Dalam kontek budaya, korupsi belum menjadi kata yang menggetarkan di dalam sukma masyarakat. Kata korupsi belum mengalirkan makna yang kuat dan jelas sehingga siapapun yang mendengarnya akan secara spontan memberikan reaksi-reaksi tertentu dengan cepat. Berbeda dengan misalnya kata maling, copet atau rampok. Untuk sebagian besar masyarakat kita, kata tersebut telah memiliki pengertian dan makna yang jelas dalam alam pikir dan kehidupan sehari-hari. Bila suatu saat ada orang berteriak keras menyebut kata tersebut disuatu tempat, maka percayalah secara spontan masyarakat yang mendengarnya akan memberikan reaksi cepat dan spontan.

Dalam kontek kebudayaan, dinamika masyarakat digerakkan oleh sistem tradisi yang pengertiannya menurut Soedjatmoko (1984) adalah suatu sistem nilai, sistem makna dan sistem tingkah laku yang kurang lebih lengkap dan mampu berdiri sendiri, tanpa perlu dilengkapi dengan sistem dari luar. Dalam kontek ini jelas dapat dirasakan bahwa korupsi, kolusi dan nepotisme (KKN) adalah terma-terma modern yang keberadaannya masih merupakan unsur luar dari tradisi yang berkembang di tengah masyarakat. KKN, dalam kebanyakan masyarakat kita belum mengalirkan makna-makna yang jelas dengan sendirinya. Itulah mengapa usaha pemberantasan korupsi belum menggerakan masyarakat luas untuk melakukan perlawanan secara memadai.
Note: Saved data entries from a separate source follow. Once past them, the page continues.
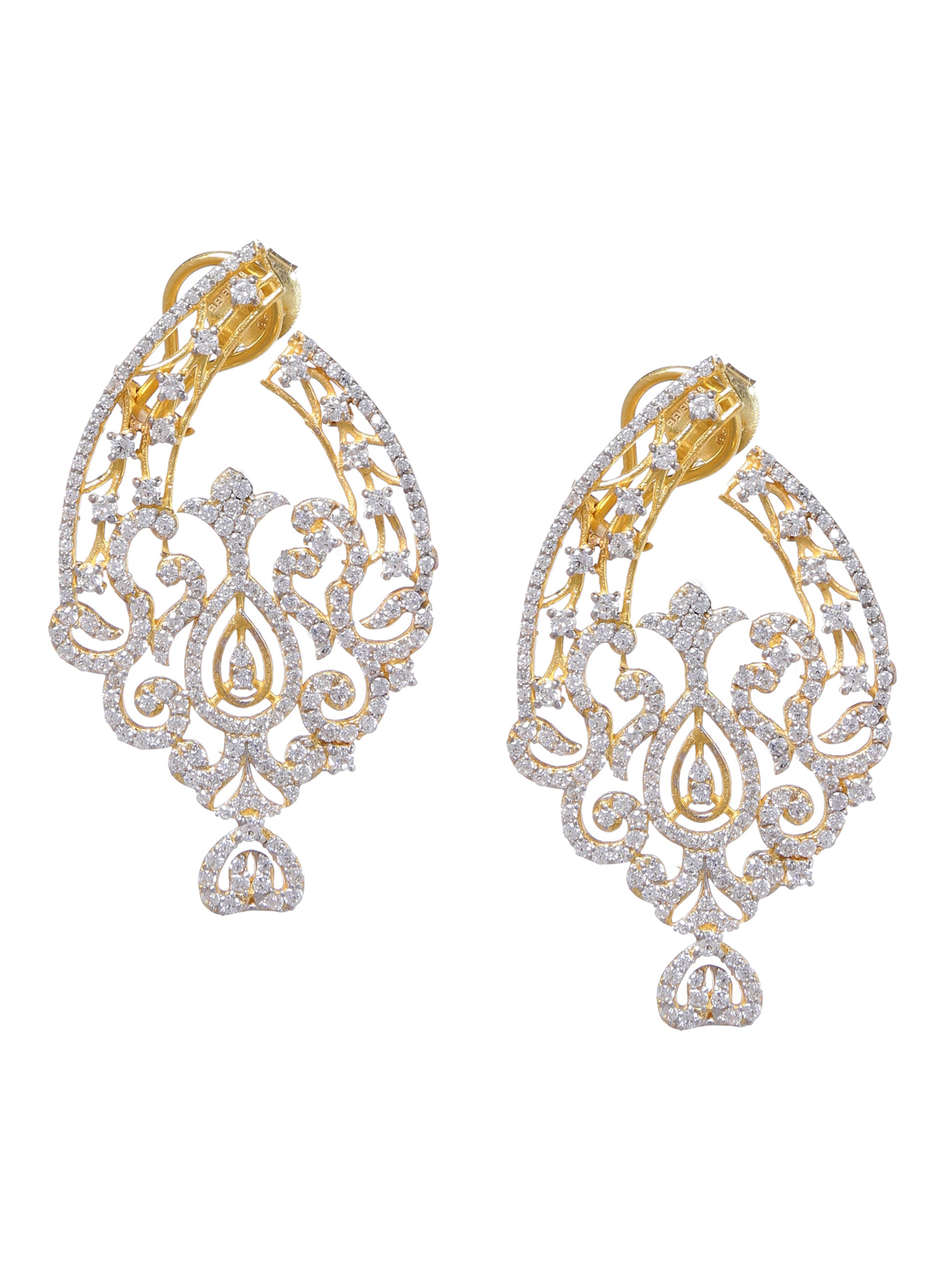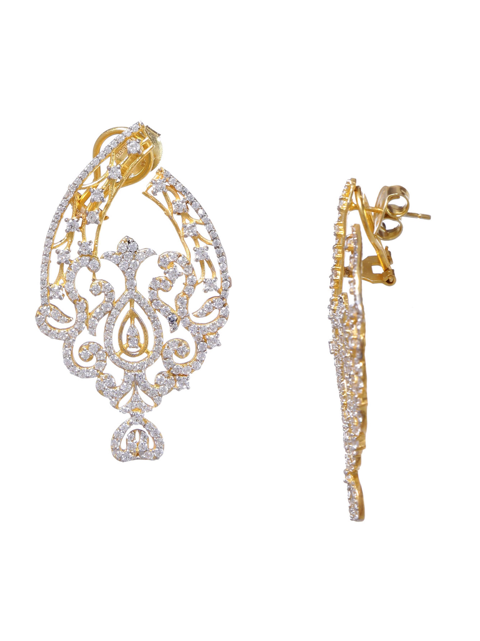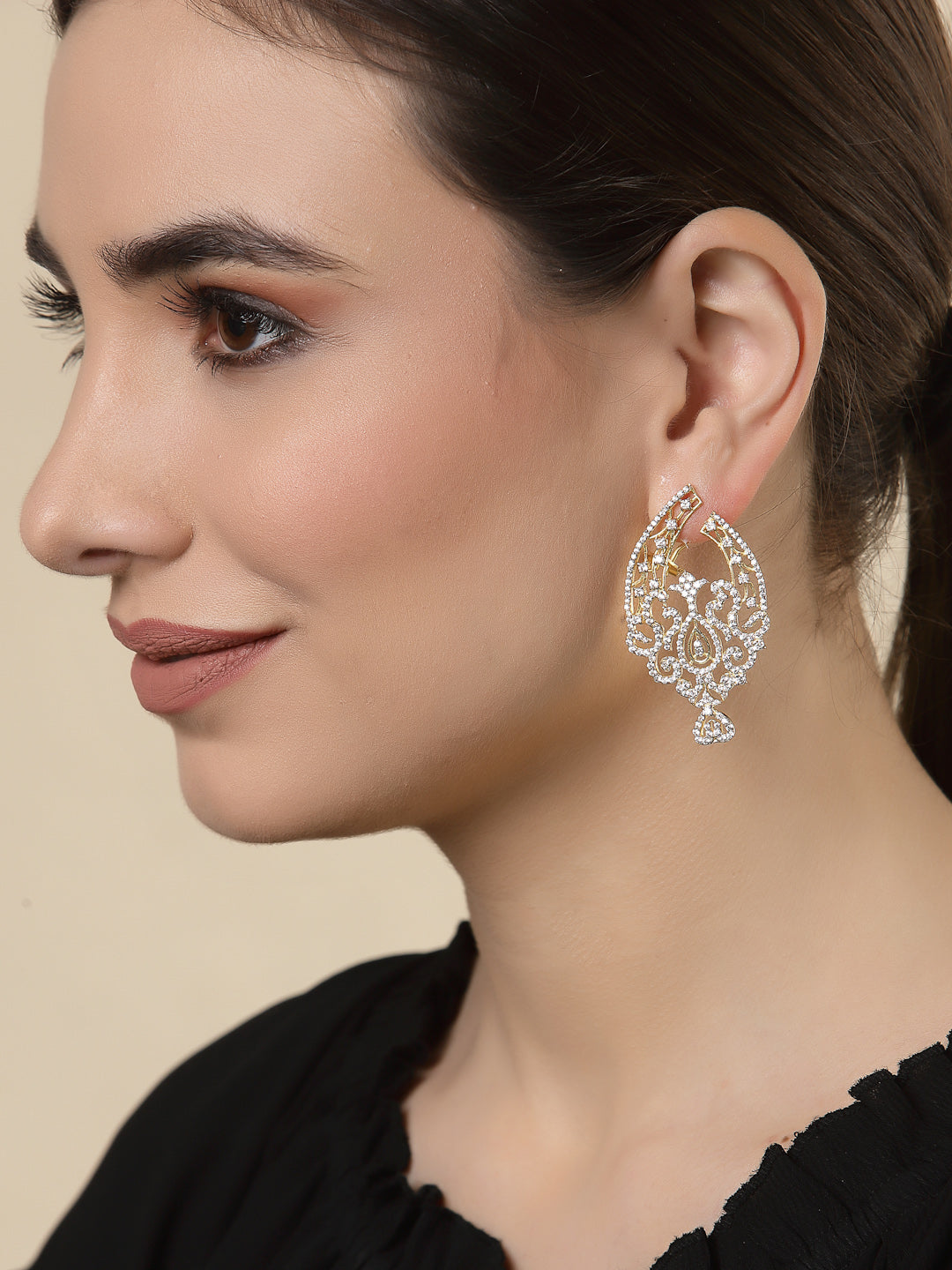 Intricately designed two toned ear pendants with pave set cubic zirconia in sterling silver.Push back closure.
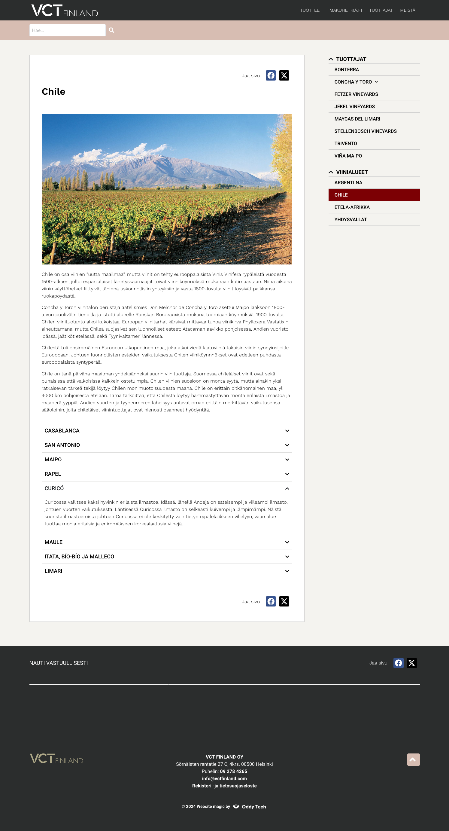 VCT Finland Oy on Chilen suurimman viinitalon Concha y Toron tytäryhtiö. Pohjoismaissa Concha y Torolla on tytäryhtiöt Suomen lisäksi myös Ruotsissa ja Norjassa. Concha y Toro Finland viinin maahantuontiyritys perustettiin Suomeen vuonna 2009. Yrityksen nimi muutettiin vuonna 2015 ytimekkäämpään muotoon – VCT Finland (=Viña Concha y Toro Finland).
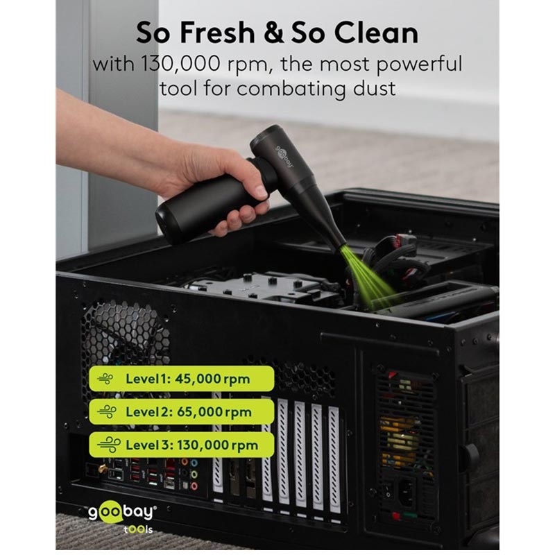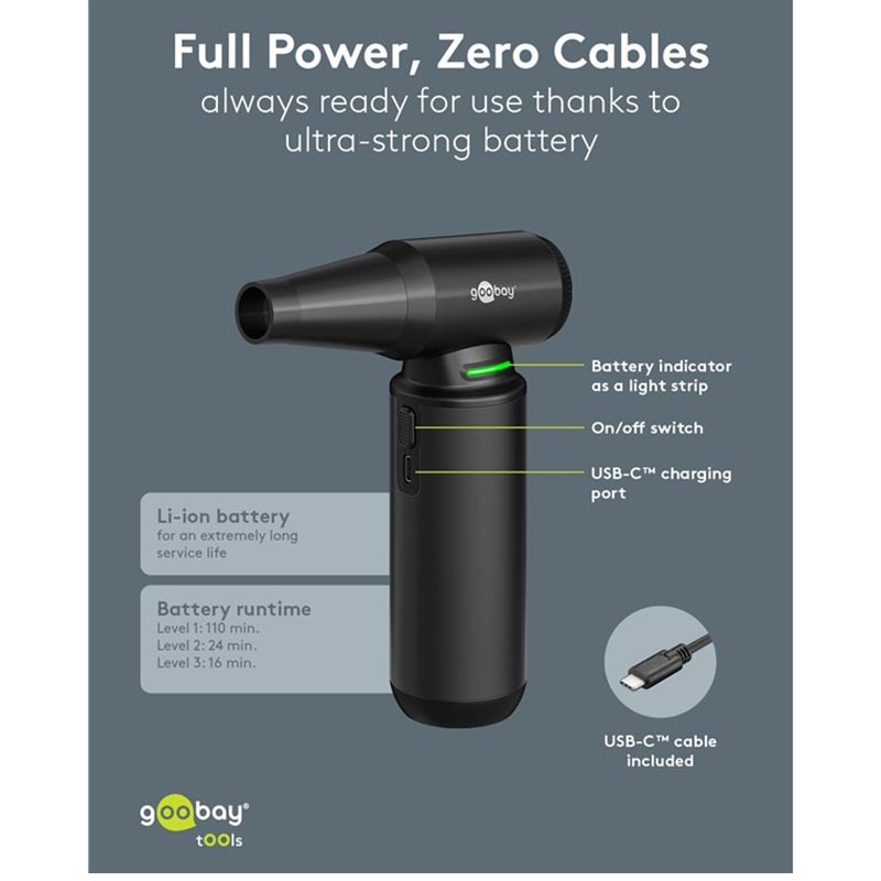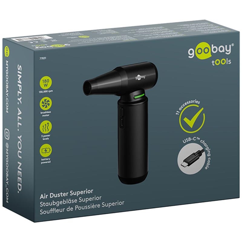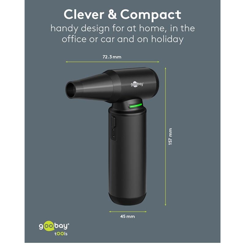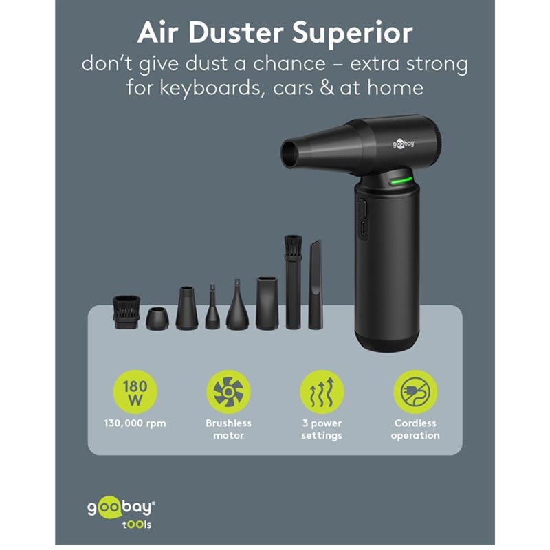Goobay Plumero de aire inalámbrico Superior - 130000rpm soplador de aire eléctrico inalámbrico con 8 boquillas y 3 cepillos (180 W, diseño de aluminio)

Dari gambaran diatas nyatalah bahwa usaha pemberantasan korupsi yang melibatkan masyarakat luas merupakan bagian dari masalah kebudayaan. Pemberantasan korupsi dalam kontek masyarakat yang cenderung tradisional akan senantiasa berhadapan dengan sistem nilai, sistem makna dan sistem tingkah laku dalam masyarakat. Para pejuang antikorupsi tidak dapat memaksakan tujuan maupun cara-caranya dalam pemberantasan korupsi dengan efektif tanpa melewati lingkar dalam tradisi ini dan harus menemukan cara-cara baru yang bergerak dari dalam tradisi tanpa meninggalkan substansinya.

Untuk mengoptimalkan peran masyarakat luas dalam memberikan kontribusi terhadap usaha pemberantantasan korupsi diperlukan kerangka kerja budaya. Kerangka kerja yang dimaksud adalah memasukkan terma-terma korupsi dan ikhtiar pemberantasanya kedalam atmosfer budaya masyarakat sehingga pengertian menjadi jelas dan terang dalam kehidupan sehari-hari.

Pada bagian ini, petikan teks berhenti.